Наверное, чтобы его
освободили от службы, она дошла бы и до военного министра.
У дворецкого и в мыслях не было, что новости отнюдь не хороши, что
сообщение: "Мы отбились и нанесли тяжелый урон врагу" не означало, что мы
приближаемся к Берлину, и эти битвы он праздновал, как новые победы. Меня,
тем не менее, пугала скорость, с которой театр этих побед продвигался к
Парижу, и тем сильнее меня удивило, что дворецкий, узнав из сводки, что бой
был недалеко от Ланса, не выразил обеспокоенности, прочитав в газете уже на
следующий день, что в итоге мы, к нашей выгоде, отступили к Жюи-ле-Виконт, в
хорошо укрепленный район. Дворецкий хорошо знал, где находится Жюи-ле-Виконт
- это было не так уж далеко от Комбре. Но читатели газет, подобно
влюбленным, слепы.
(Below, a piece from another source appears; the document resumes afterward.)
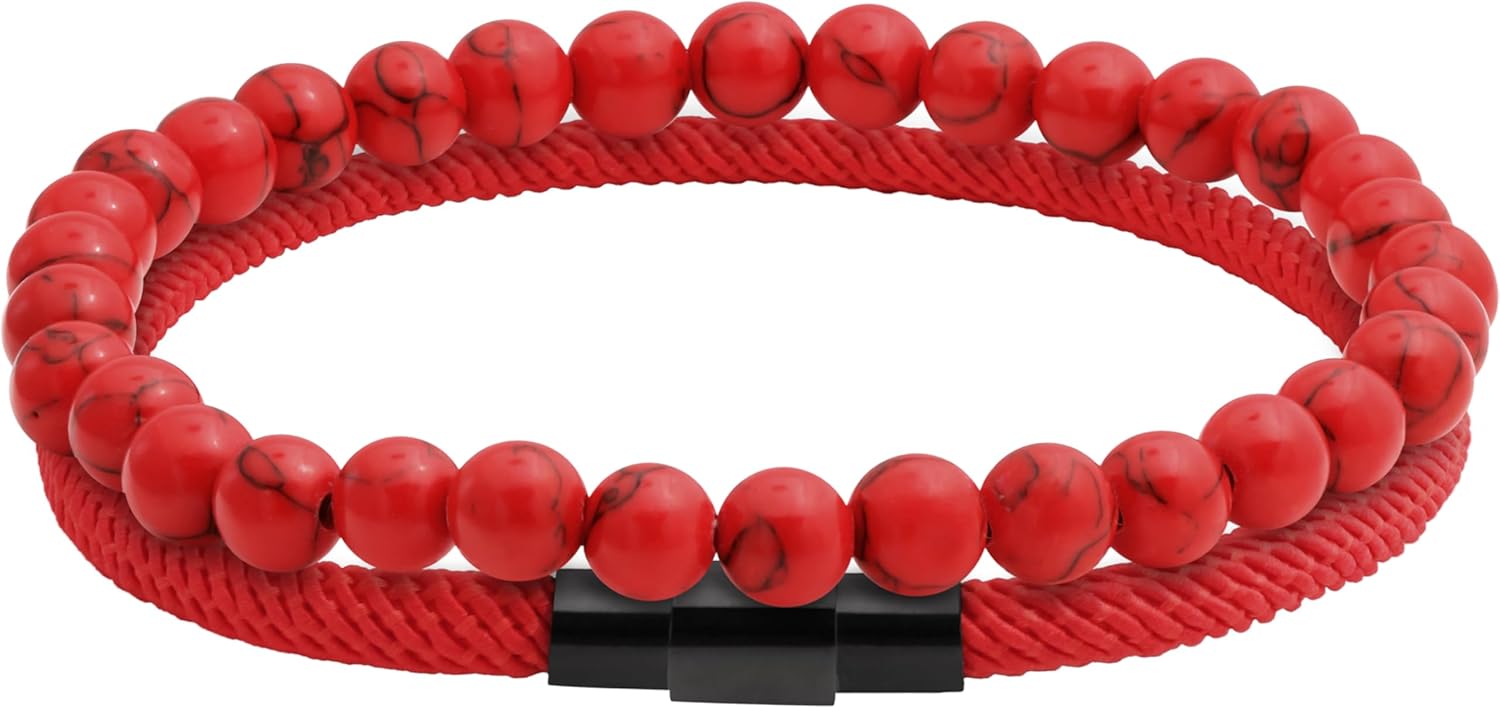 HAQUIL Lucky Red Beaded Paracord Bracelet | Vibrant Energy Charm with Black Accent, Unisex Design

Обстоятельства их не интересуют. Они тешат свой слух
сладкими редакторскими речами, словно словами любовницы. Терпят поражение и
рады, потому что побежденными себя не считают, они считают себя
победителями.
Впрочем, в Париже я пробыл недолго и довольно скоро вернулся в клинику.
Хотя лечение, в принципе, заключалось в изоляции, мне все-таки передали,
хотя и с некоторой задержкой, письмо от Жильберты и письмо от Робера.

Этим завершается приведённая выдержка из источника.